A further slowing in growth
The China Australia Free Trade Agreement (ChAFTA) is a source of significant optimism for many of our business clients, most notably our small and medium sized business clients who are the key employer base in Australia and who generate a significant percentage of our country’s economic activity.
The agreement allows our customers to progressively get back onto a level playing field with competitors in other countries who have already concluded a free trade agreement with China, as tariffs on agreed goods and services are progressively reduced to zero.
This is good news for Australian exporters and importers, particularly at a time when demand in China for Australian food products is growing so strongly. It’s also good news for clients sourcing inputs to their Australian supply chain or sourcing product from China for sale in Australia, as their input costs should decrease over time as tariffs reduce to zero.

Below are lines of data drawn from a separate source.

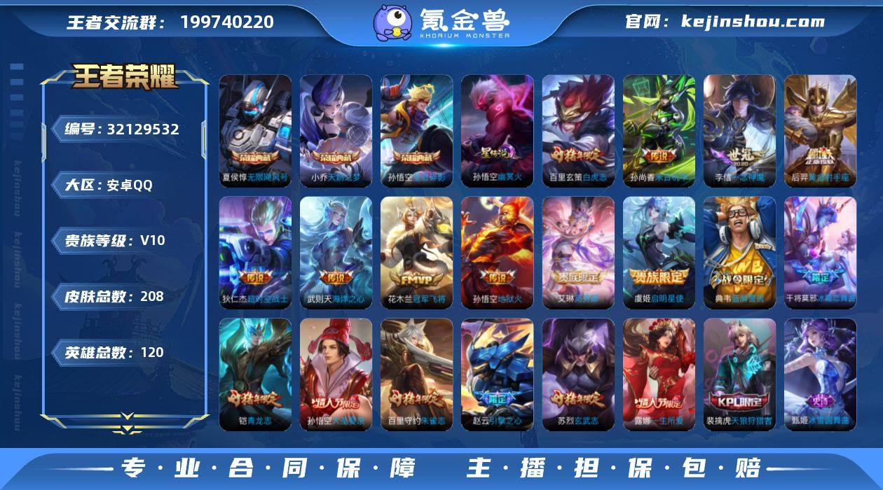 CHC11047,钱包未注销/全限制可排位,安卓Q-V10-荣耀黄金IV段位-120英雄-208皮肤-3典藏皮肤-1典藏英雄-10传说-50史诗 【荣耀典藏】:武则天英雄,孙悟空全息碎影,夏侯惇无限飓风号,小乔天鹅之梦 【传说皮肤】:艾琳觅芳踪,虞姬启明星使,李信一念神魔,百里玄策白虎志,花木兰冠军飞将,后羿黄金射手座,孙尚香末日机甲,孙悟空地狱火,武则天海洋之心,狄仁杰超时空战士 【限定皮肤】:狄仁杰阴阳师,赵云皇家上将,赵云引擎之心,嬴政优雅恋人,嬴政白昼王子,鲁班七号狮舞东方,吕布猎兽之王,夏侯惇朔风刀,曹操烛龙,典韦蓝屏警告,狄仁杰魔术师,狄仁杰万华元夜,达摩沙漠行僧,项羽海滩派对,老夫子醍醐杖,程咬金演武夺筹,露娜一生所爱,兰陵王金庭之子,花木兰瑞麟志,孙悟空大圣娶亲,牛魔御旌,李元芳云中旅人,虞姬启明星使,钟馗神迹守卫,钟馗驱傩正仪,女娲朔望之晖,干将莫邪冰霜恋舞曲,蔡文姬奇迹圣诞,东皇太一逐梦之光,鬼谷子原初探秘者,铠青龙志,苏烈玄武志,苏烈千军破阵,百里玄策白虎志,百里守约朱雀志,弈星混沌棋,沈梦溪大漠名商,明世隐疑决卦,裴擒虎天狼狩猎者,裴擒虎李小龙,裴擒虎擒涛扼浪,狂铁御狮,米莱狄御霄,盾山御銮,鲁班大师探海日志,桑启海盐诗旅,张良古海寻踪,艾琳觅芳踪,鬼谷子天穹祈灯 【年限皮肤】:花木兰瑞麟志,苏烈玄武志,百里玄策白虎志,百里守约朱雀志,铠青龙志 【赛季限定】:曹操烛龙,狂铁御狮,米莱狄御霄,牛魔御旌,盾山御銮,夏侯惇朔风刀,弈星混沌棋,明世隐疑决卦,老夫子醍醐杖,鬼谷子原初探秘者,狄仁杰万华元夜,程咬金演武夺筹,钟馗驱傩正仪,苏烈千军破阵,达摩沙漠行僧,兰陵王金庭之子,沈梦溪大漠名商,李元芳云中旅人,桑启海盐诗旅,裴擒虎擒涛扼浪,鲁班大师探海日志,张良古海寻踪,鬼谷子天穹祈灯 【战令限定】:...
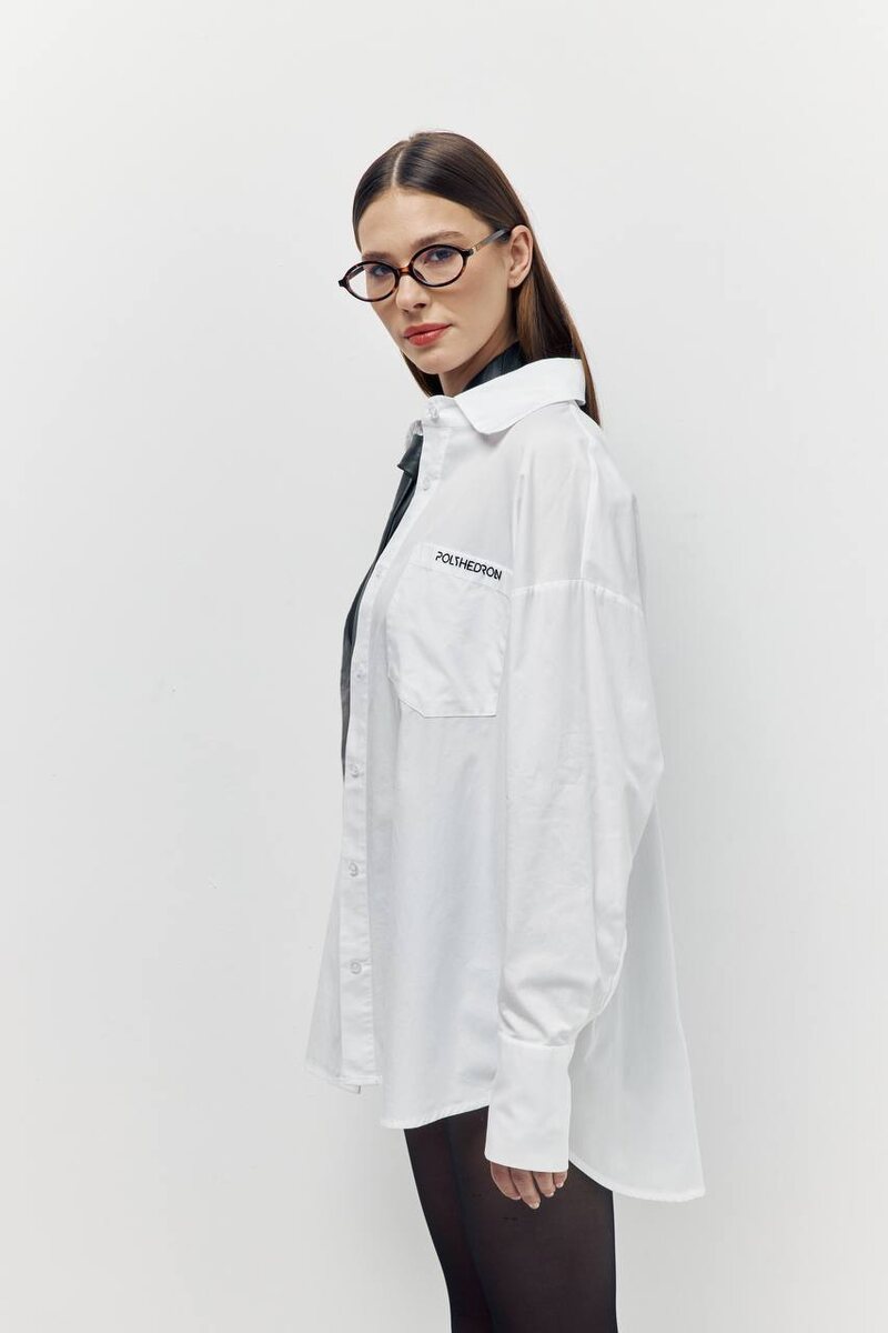 РУБАШКА POLYHEDRON "BE INSPIRED", BRIGHT WHITE COLOR Чистая форма, которая держит вертикаль и собирает образ без лишних деталей. В ней можно играть на контрасте с черным жакетом, создавать цельный монохром или подчеркивать акцентным низом. Она работает в строгой классике и в городских сетах — везде, где нужна ясность линии.
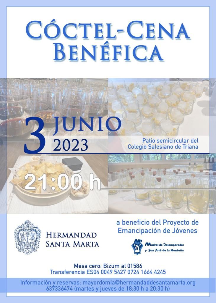 El próximo sábado 3 de junio tendrá lugar esta cena benéfica, en los Salesianos de Triana de Sevilla a partir de las 21:00 h., para recaudar fondos con el fin de seguir contando con este proyecto tan necesario para los jóvenes que cumplen la mayoría de edad.
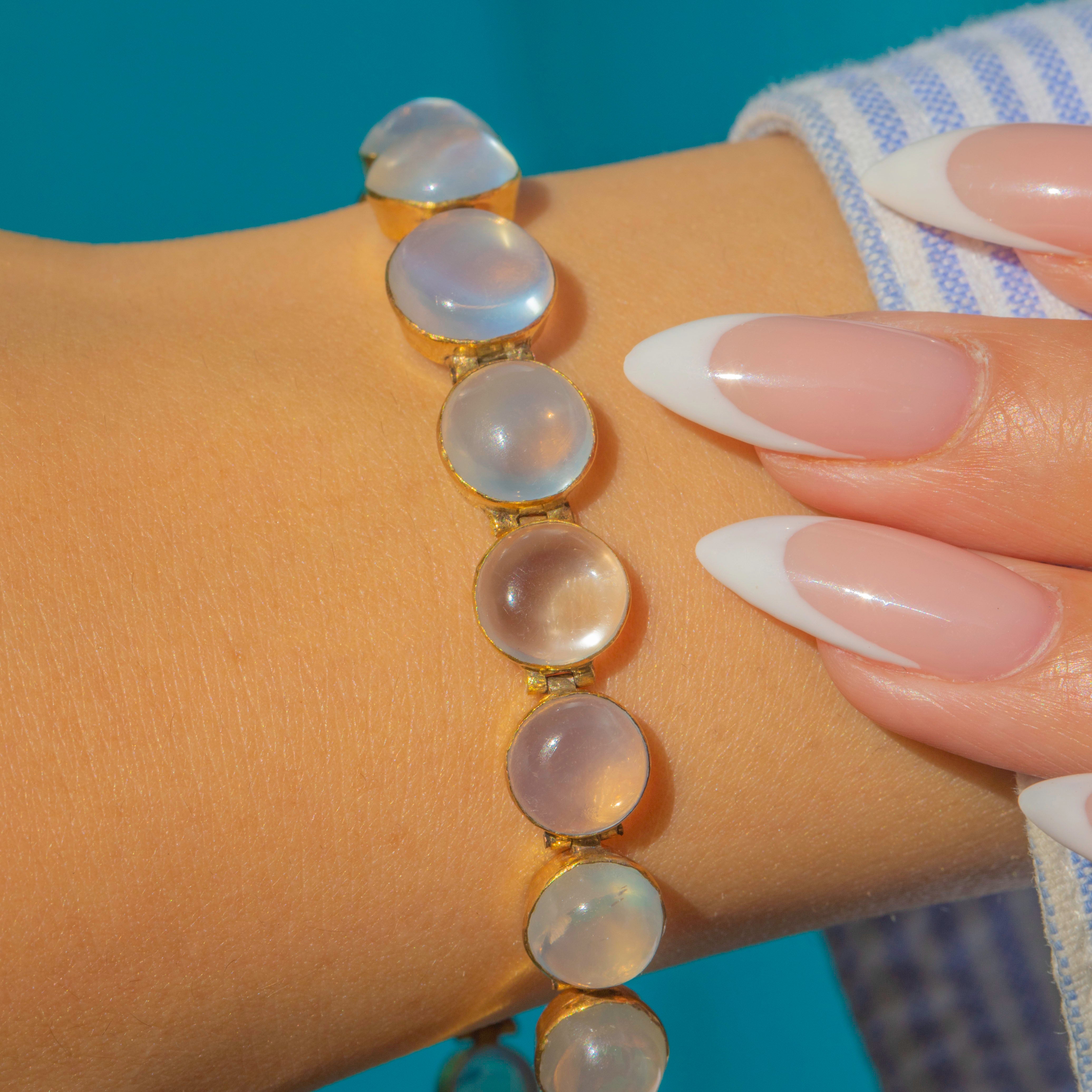 A luminous Victorian Moonstone bracelet in warm 9ct Gold. Round cabochon Moonstones are collet-set in a continuous line, each stone glowing with that ethereal blue sheen the era adored. Elegant on its own and effortless to stack—classic Victorian romance with everyday wearability.
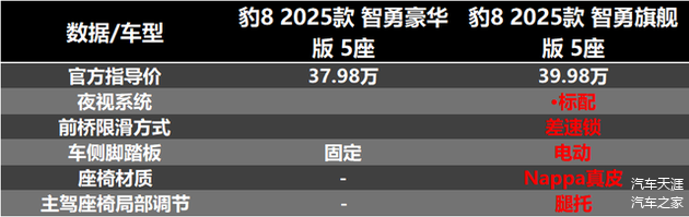 相比之下,豹8的选择就跟简单一些了,一共就两个版本,高低配车型之间2万元的差距主要体现在夜视系统,前桥差锁速、电动脚踏和Nappa座椅等配置上,个人觉得这些配置都是可有可无的,所以还是建议上低配,37.98万元的指导价,算上优惠和保险等费用,落地应该在35.8万元,也是很香的。
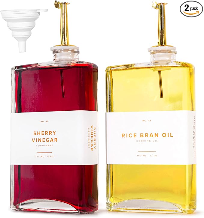 - ELEGANT GLASS OIL DISPENSER FOR KITCHEN: This premium oil and vinegar dispenser set includes two 17oz glass oil bottles for kitchen, designed to keep your favorite oils and vinegars fresh while adding a sleek touch to your kitchen.
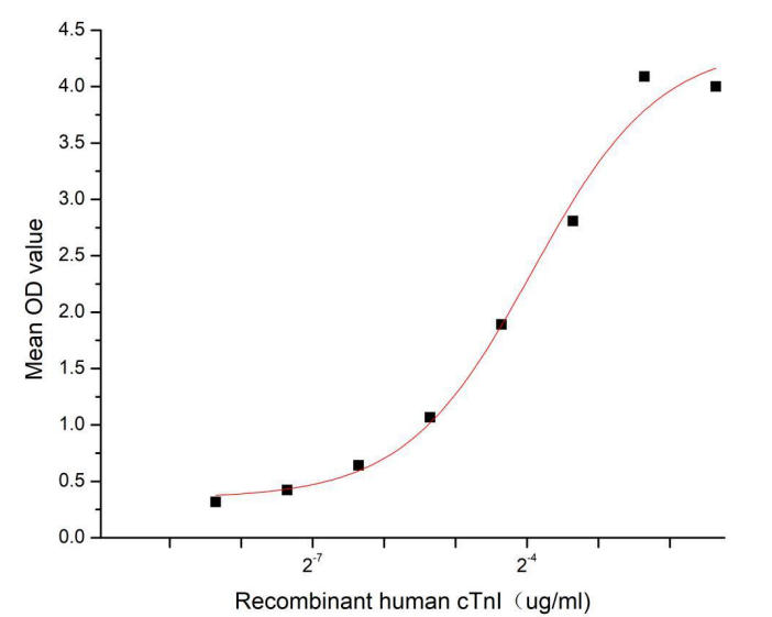 | Bio-activity : | Cardiac Troponin I (cTnI), as a cytoplasmic protein, is one of the most important regulatory proteins part of the troponin-tropomyosin complex localized on the actin (thin) myofilaments in cardiac myocytes.It is the inhibitory subunit of troponin, the thin filament regulatory complex which confers calcium-sensitivity to striated muscle actomyosin ATPase activity.Besides,Actin Alpha 1, Cardiac Muscle (ACTC1) has been identified as an interactor of cTnI, thus a functional binding ELISA assay was conducted to detect the interaction of recombinant human cTnI and recombinant human ACTC1. Briefly, biotin-linked cTnI were diluted serially in PBS, with 0.01% BSA (pH 7.4). Duplicate samples of 100 μ l were then transferred to ACTC1-coated microtiter wells and incubated for 1h at 37°C. Wells were washed with PBST 3 times and incubation with Streptavidin-HRP for 30min, then wells were aspirated and washed 5 times. With the addition of substrate solution, wells were incubated 15-25 minutes at 37°C. Finally, add 50µl stop solution to the wells and read at 450nm immediately. The binding activity of cTnI and ACTC1 was shown, the EC50 for this effect is 0.066ug/mL. |
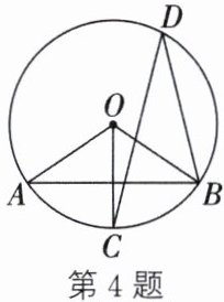 4. (2024·重庆B卷改编)如图,AB是$\odot O$的弦,$OC⊥AB$交$\odot O$于点C,D是$\odot O$上一点,连接BD、CD.若$∠D=28^{\circ}$,则$∠OAB$的度数为.
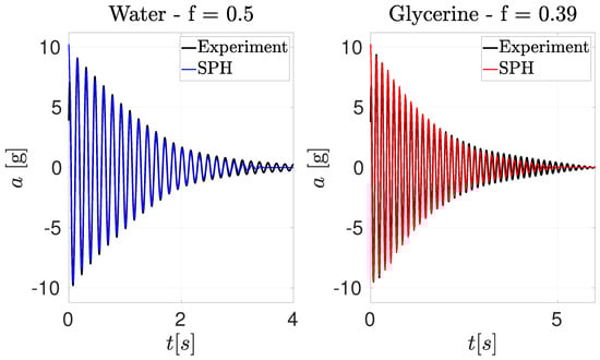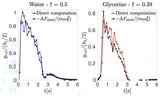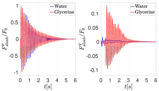 The sloshing force is measured experimentally according to Expression (4) and computed numerically according to Expression (20). Both forces have been accurately compared as part of the code validation in [,]. The advantage of the computational methodology is among others that the pressure and viscous contributions can be obtained separately. To understand the contributions of these two sloshing force sources, two cases corresponding to two different fluids, water and glycerine, have been studied with the same initial acceleration , same scale and same mass ratio . As these two fluids have different densities, the initial filling level is different for these two cases, ( for water) and ( for glycerine), in order to keep the mass ratio constant. These two fluids, water and glycerine, have the properties shown in Table 1. As Table 1 shows, the flows studied have very different Reynolds numbers, which implies a laminar regime in the case of glycerine and a fully turbulent flow for the water. This difference in terms of Reynolds numbers is mainly caused by the large difference in terms of viscosity, and consequently significant differences in the flow behavior and force decomposition between the pressure and viscous parts are observed.
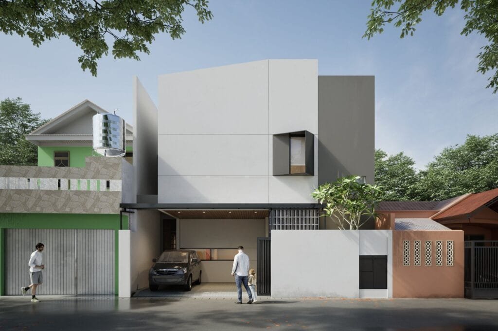 Massa bangunan disusun kompak, dengan orientasi tenggara yang menuntut strategi desain cermat untuk menjaga privasi penghuni sekaligus meminimalkan paparan sinar matahari langsung. Fasad depan tampil tertutup, hanya diberi aksen satu jendela dengan topian menyerong—menjadi detail yang estetis sekaligus fungsional.
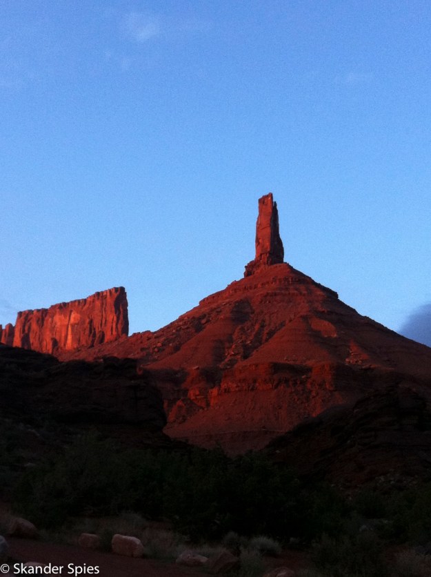 We found a second stand of cactus and moved the car further. As we closed in on the crest of the hill, two mountain bikers came down the trail and gave us a push. We rolled it all the way to the second wash. Booyah. I called AAA, the agreed to send a flatbed with a winch. The mountain bikers took off. Jordan and I started ferrying gear to the smooth gravel. Did I mention we packed too much stuff? Ash, the tow truck driver was about as great a guy as you could ask for, and once he found us (took a while), was generous with his time in getting us out. We loaded the gear back into the car for a trip to the campsite. Once on the road, he informed me that his boss was requiring me to pay $250 for the “off-road” portion of the extrication not covered by my AAA. Awesome, but whatever. I knew we were in deep.
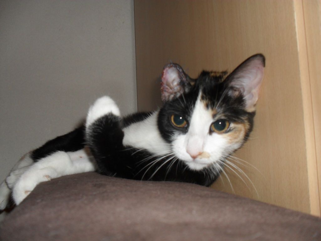 | Dire merci | Elle a eu une tumeur bénine étant petite (à 4mois). On voit l'espèce de petite verrue marron en haut de son oreille droite ![]() Du coup le véto a préféré lui faire une ablation du bout de l'oreille pour retirer un maximum de racine. Il m'a dit que vu son age elle risquait d'etre sugette toute sa vie aux tumeurs et pire en vieillissant. Aujourd'hui je stress tous les jours au moindre "symptome" dès qu'elle n'est pas dans son état habituel je m'inquiète. ![]() |
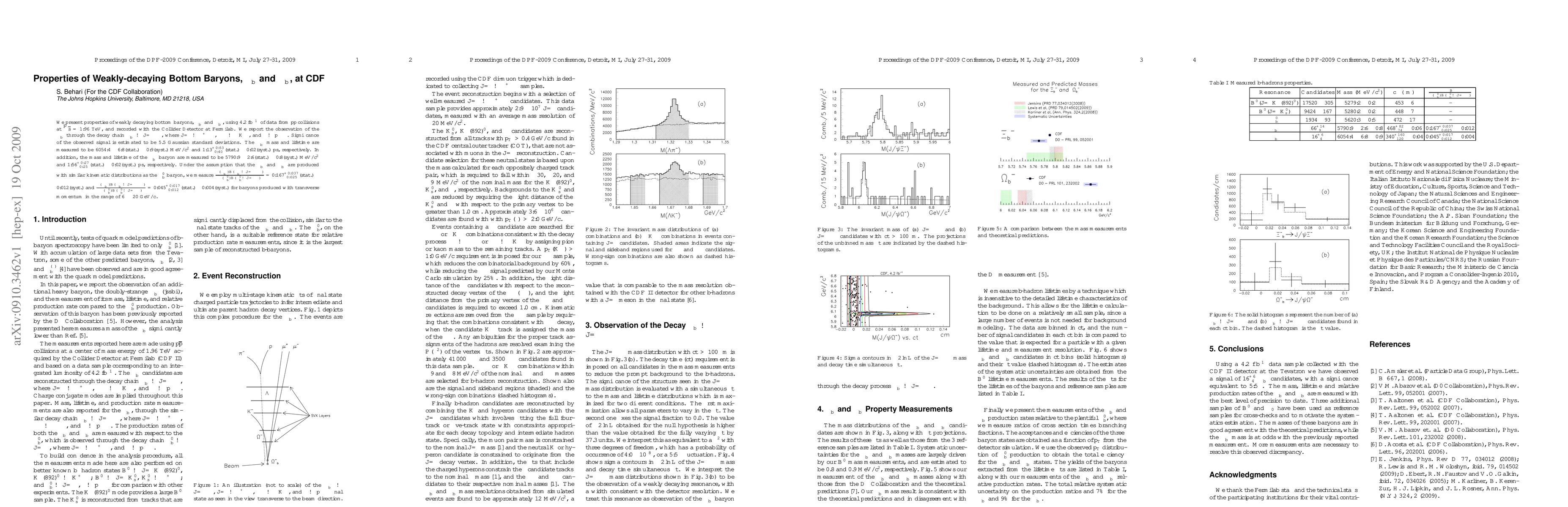 This paper reports the properties of weakly decaying bottom baryons, Xi_b^- and Omega_b^-, observed at the CDF detector using 4.2 fb^-1 of data from p-pbar collisions at 1.96 TeV. The Omega_b is observed with a significance of 5.5 standard deviations, and its mass and lifetime are measured to be 6054.4 MeV/c^2 and 1.13 ps, respectively.

The importance of government in China cannot be over-emphasised and the coming into force is a strong signal that the trade and investment relationship between our two countries is ‘open for business’. This is translating to heightened interest from Chinese clients in investing in Australia. When coupled with the lower exchange rate (versus the USD and the RMB) this creates an environment that’s very attractive for Chinese investment and current sectors of real strength are agribusiness and food (in particular dairy and beef); health foods, vitamins and supplements; and property.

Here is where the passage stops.